Cities Impose Mask Mandates As COVID-19 Cases Surge
Officials in New Haven, Bridgeport, Danbury, Stamford, and Norwalk this week implemented mask mandates for all people—regardless of vaccination status—in all public settings, including restaurants and businesses.
Those mandates, based on Gov. Ned Lamont’s Aug. 5 executive order authorizing municipalities to act, followed a continued surge in COVID-19 cases across the state.
Hartford, Middlesex, New Haven, and New London counties now exceed the U.S. Centers for Disease Control and Prevention’s high transmission threshold for COVID-19—more than 100 weekly cases per 100,000 residents, or a positivity rate of 10% or higher.
The CDC issued guidance July 27 recommending that vaccinated people in areas with substantial or high transmission rates wear face masks indoors to lower the risk of transmitting COVID-19.
Only unvaccinated people in Connecticut were previously required to wear masks in public indoor places, with masks required for everyone in high-risk settings such as healthcare facilities or public transit.
Fairfield, Litchfield, New London, Tolland, and Windham counties all have substantial transmission—50 weekly cases per 100,000 residents, or an 8%-9.99% positivity rate.
New Haven’s mask mandate took effect Aug. 9. Hartford and Bridgeport’s mandates were effective Aug. 11, followed by Aug. 12 for Stamford, Aug. 13 for Norwalk, and Aug. 15 for Danbury.

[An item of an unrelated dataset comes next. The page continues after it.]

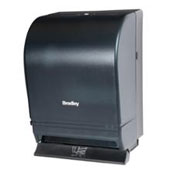 The push lever dispensing mechanism delivers 5-1/2" of toweling with each stroke and features a patented transfer system with 4" of stub roll capacity.

Stamford will also require masks at outdoor gatherings of more than 100 people.
Hartford has one of the highest positivity rates in the state and one of the lowest vaccination rates, prompting mayor Luke Bronin to implement a mask mandate.
“The Delta variant is out in our community, it is highly transmissible, and it is affecting younger people as well,” he said.

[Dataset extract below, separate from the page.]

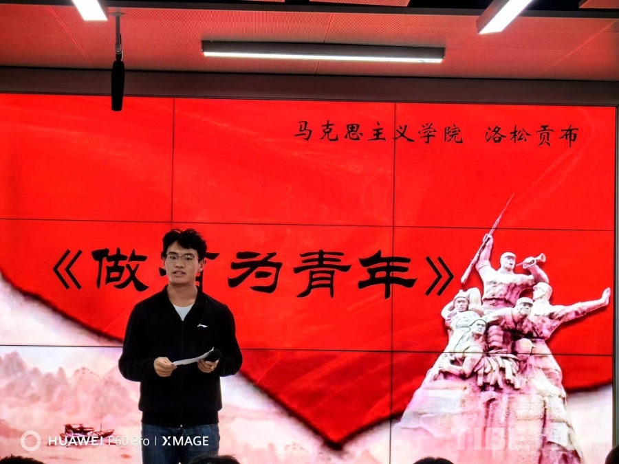 洛松貢布,出生于西藏自治區(qū)昌都市洛隆縣,現(xiàn)在是首都師范大學(xué)馬克思主義學(xué)院的學(xué)生。受到老成員的邀請,洛松貢布在大二期間就成為“京城藏韻”公眾號的成員之一,從事活動的組織和協(xié)調(diào)工作。相信對于很多在京求學(xué)工作的藏族年輕人來說,“京城藏韻”并不陌生,除了定期為西藏青年提供信息資訊以外,還成為了許多藏族學(xué)子在北京的“家”?!熬┏遣仨崱笔窃诰┎刈鍖W(xué)生們自發(fā)性的群眾組織,已經(jīng)舉辦過多屆神牛杯足球賽、巴扎杯籃球賽和羚羊杯鍋莊舞大賽。洛松貢布牽頭舉辦的“強(qiáng)國有我青春有為”的演講比賽是第一屆,未來還將繼續(xù)舉辦下去。通過豐富多彩的課外活動,藏族青年們在這里共同成長、共同進(jìn)步。

“So we are particularly conscious at this moment when we are just a few weeks away from the start of school that our number one priority is to slow the spread of this variant.”

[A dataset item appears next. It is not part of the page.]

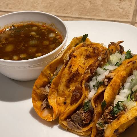 1/2 Kilo de birria de res. incluye 1 litro de consomé y guarniciones (salsas, verdura, limones).

Lamont issued an executive order Aug. 6 requiring that workers at nursing homes, residential care homes, assisted living facilities and other long-term care facilities get vaccinated by Sept. 7 or their workplaces will face daily $20,000 fines.
Vaccination rates in Stamford and Norwalk are higher than in most Connecticut cities, although both have registered significant increases in cases.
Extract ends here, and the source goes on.